General Topics

Lichens of Missouri

What is a Lichen?

Lichens are generally considered both algae and fungi. They have the green quality from algae, as well as the ability to grow without seeds from the decomposition of water (Marshall). Additionally, they are similar to fungi because in some instances, instead of creating their own food-like other plants-they have fine threads called “hyphae” which acquire nutrients from the tree or rock they are growing on or the algae they grow with (Marshall). The grey/green color of the lichen is because there is a green layer of plant covered by a white layer (Marshall). When the air is moist, the white layer becomes more translucent from the moisture, allowing the green color to stand out more (Marshall). The algae are very skilled in capitalizing on moist environments when they exist, and in this way, it provides nutrition to the fungi (Marshall). The fungi can protect the algae when the air is drier, in order to create a true mutualistic relationship (Marshall).
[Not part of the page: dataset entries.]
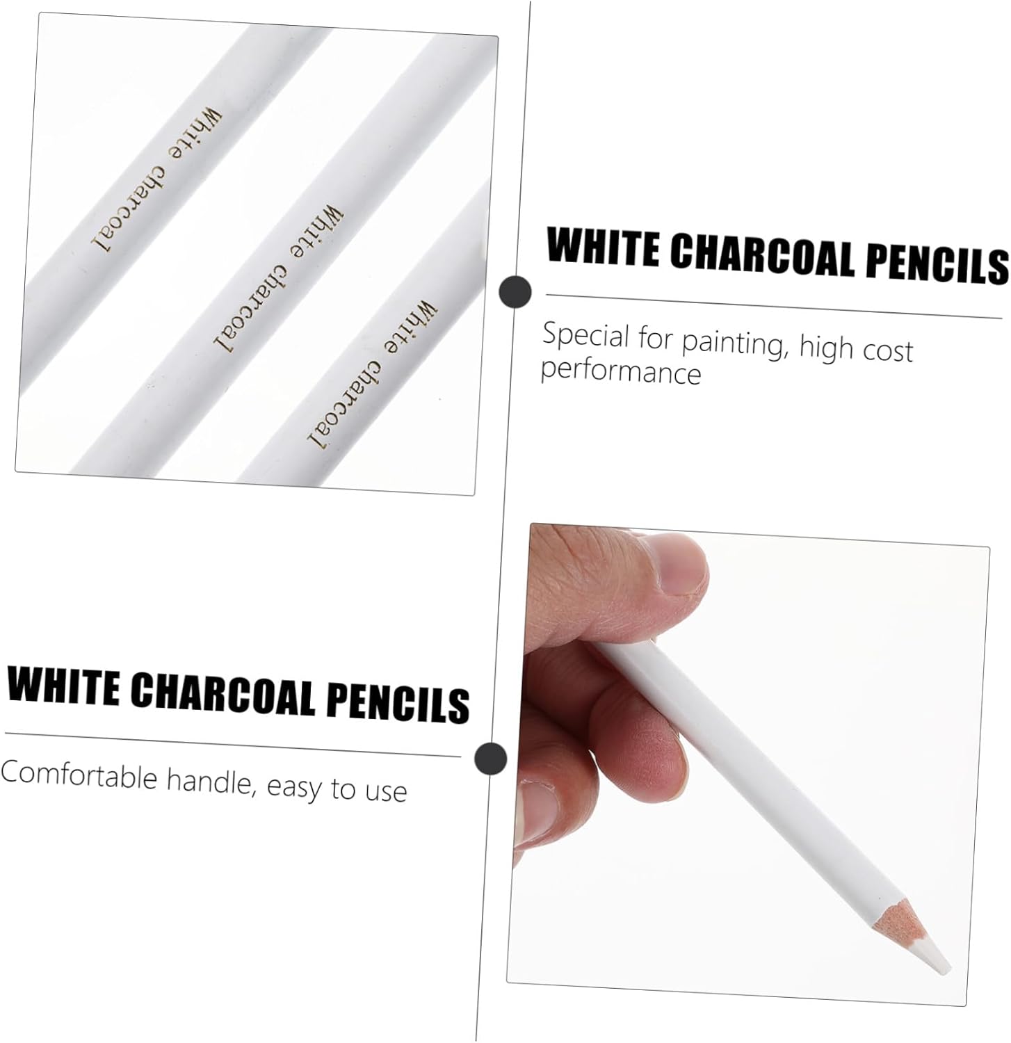 Matite per schizzi: possono essere utilizzate da sole o per aggiungere punti luce agli schizzi a carboncino nero, possono offrire colori uniformi, dipingere a carboncino Utilizzo versatile: ideale per schizzi, evidenziazione di disegni a carboncino o come strumenti di disegno autonomi, offrendo infinite possibilità creative, da disegno, matite a carboncino bianche per artisti Matite bianche: ottimo strumento per schizzi per studenti, artisti, adulti, principianti, ecc., matite per schizzi per artisti Matite per disegnare: non sono utilizzate solo da pittori professionisti o insegnanti, ma sono adatte anche per studenti d'arte e principianti, matite per dipingere Ideale per tutti i livelli di abilità: che tu sia uno studente, un hobbista o un artista professionista, questo strumento per schizzi è perfetto per migliorare le tue capacità di disegno e creare opere d'arte, schizzi, pittura a carboncino bianco, schizzi a
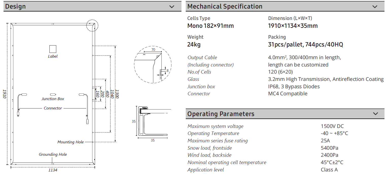 Irradiance 1000W/m², Cell Temperature 25℃,Spectrum AM 1.5 |
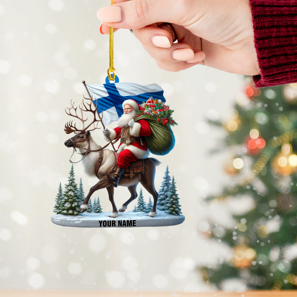 Santa Riding A Reindeer Home Decor Christmas Ornament, Personalized Ornament
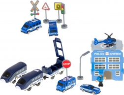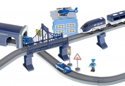 36 tirov + spojke, most, tunel, 2 lokomotivi, odpirajoči se vagon, 4 policijska vozila, helikopter, figurica policista, 6 znakov, kartonska policijska postaja s heliportom, nalepke, navodila s predlogi prog
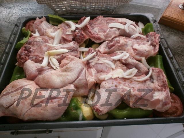 Lo primero ponemos el horno a180 o 200 grados para que se valla calentando,lavamos las patatas y la pelamos y cortamos a rodajas grandes y si son pequeñas pues las cortamos por la mitad,en la bandeja del horno ponemos una base de patatas,seguimos cortando las verduras y poniéndolas en la base de la bandeja,dejamos una mitad de cebolla para el final,una vez cortada la verdura en rodajas y puesta en la bandeja,salpimentamos el pollo y lo colocamos encima de la verdura,y cortamos la cebolla que dejamos en rodajas y las ponemos encima del pollo.
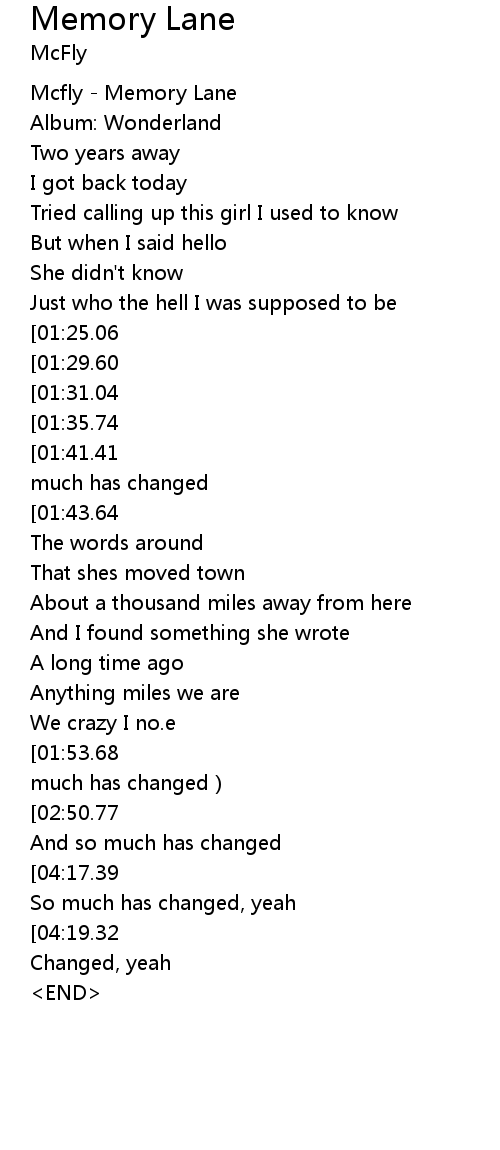 | [00:00.00] | Mcfly - Memory Lane |
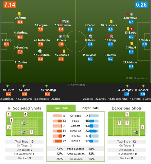 | Các thông số trong trận Sociedad 3-1 Barca. |
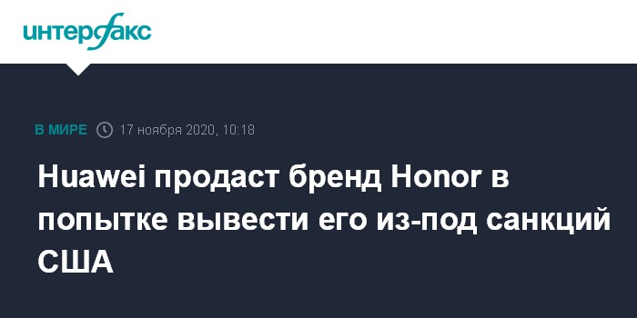 Москва. 17 ноября. INTERFAX.RU - Китайская Huawei Technologies Co. продает подразделение, выпускающее потребительские устройства под брендом Honor, компании Shenzhen Zhixin New Information Technology Co.
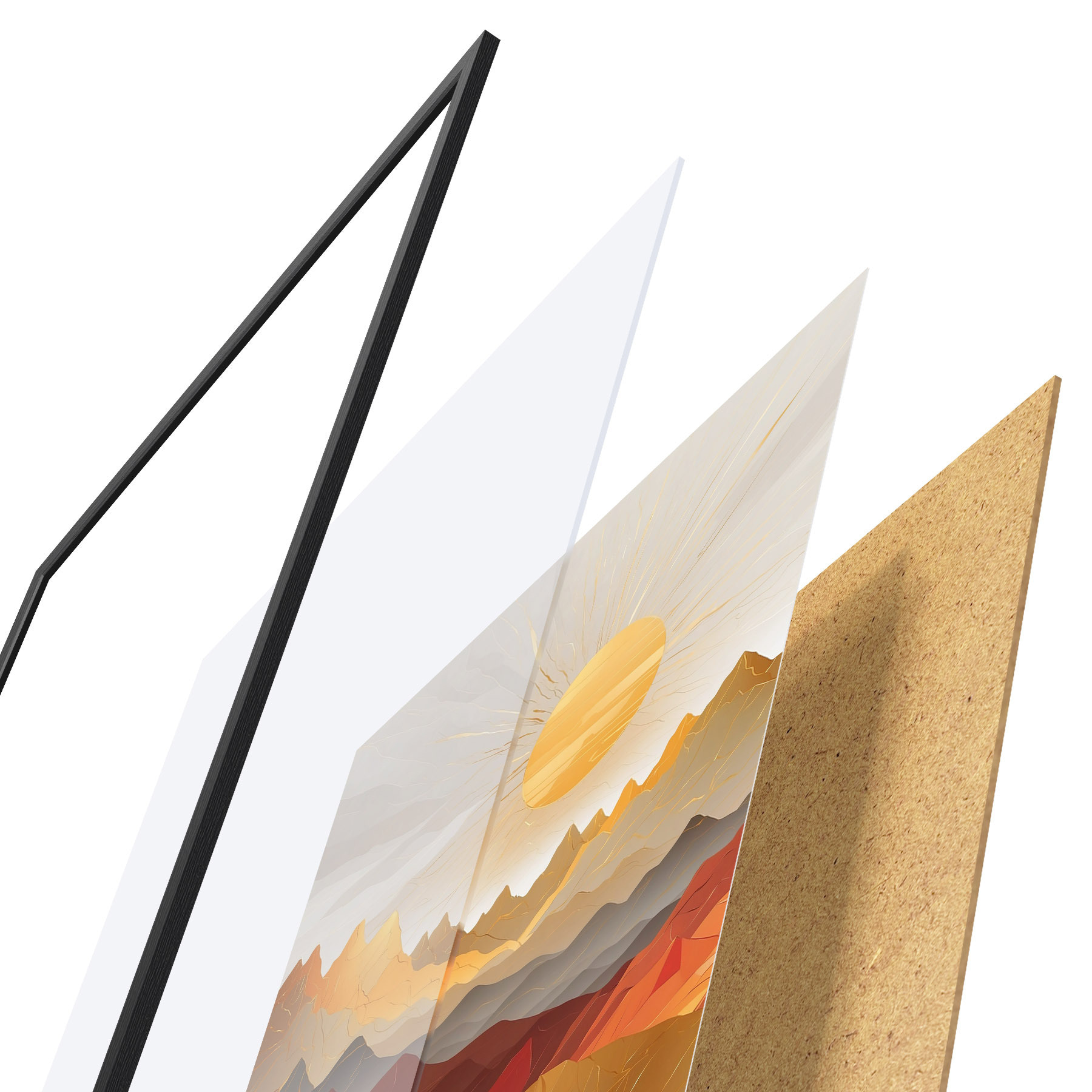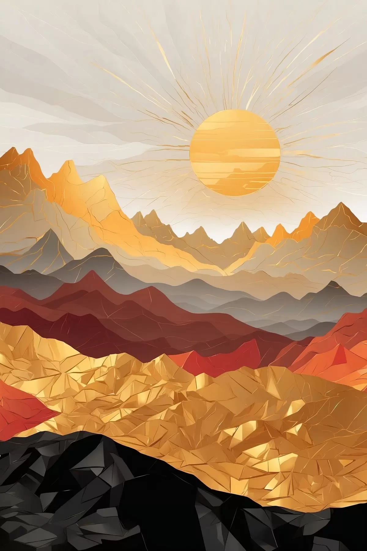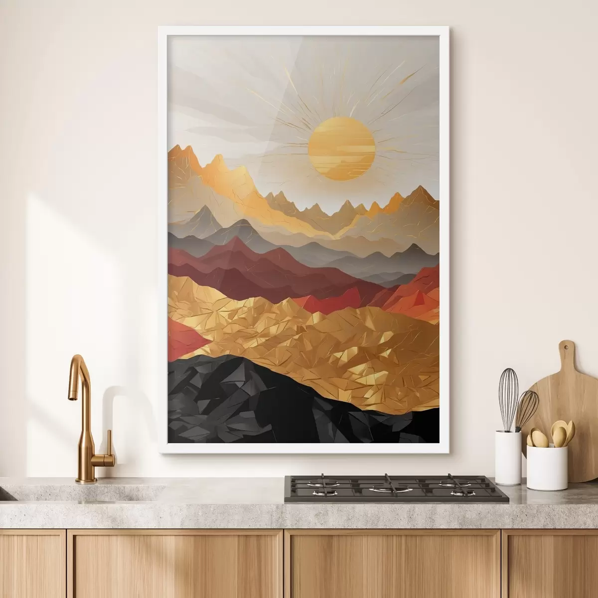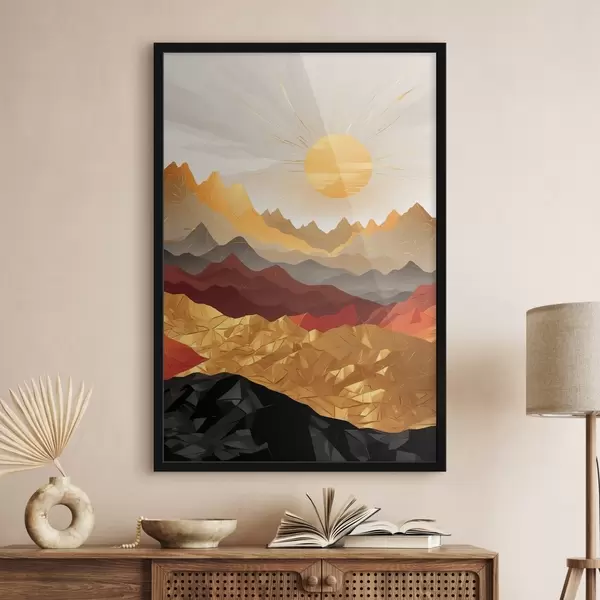 Plakatas Saulėtekis virš geometrinio kalnų kraštovaizdžio f36529

The relationship between these two organisms can be reproduced artificially by allowing a fungus to grow on an already sufficiently growing alga (Marshall). Each new fungus and alga combination create a new type of lichen. Usually, these lichens all have the capability of being successful new organisms (Marshall). Therefore, a lichen is not actually an individual organism, but rather a mutualistic relationship between two organisms.

Why do Lichens Matter?

Lichens are important because they are examples of symbiotic evolution. Not only are lichens themselves a combination of two organisms (algae and fungi) in a mutualistic relationship, their relationship with trees (if they are the substrate) is commensalism. Also, lichens have their own microbiomes and participate in a mutualistic relationship with those bacteria. Thus, they fill an important niche in their ecosystem, big and small, and

Furthermore, Lichens are very sensitive to pollution and poor air quality (“Lichens and Air Quality”). This means that they are good indicators of air quality depending on which lichen species growth there (“Lichens and Air Quality”). In many ways, this is due to the few lichen species that can survive the harsh conditions (“Lichens and Air Quality”). Thus, lichens deserve our attention because they are one of the many organisms that are impacted by our emissions.

Three Classes of Lichens

Crustose Lichens

Appearance: The crustose lichens generally look very crusty, as their name suggests, and are often very flat.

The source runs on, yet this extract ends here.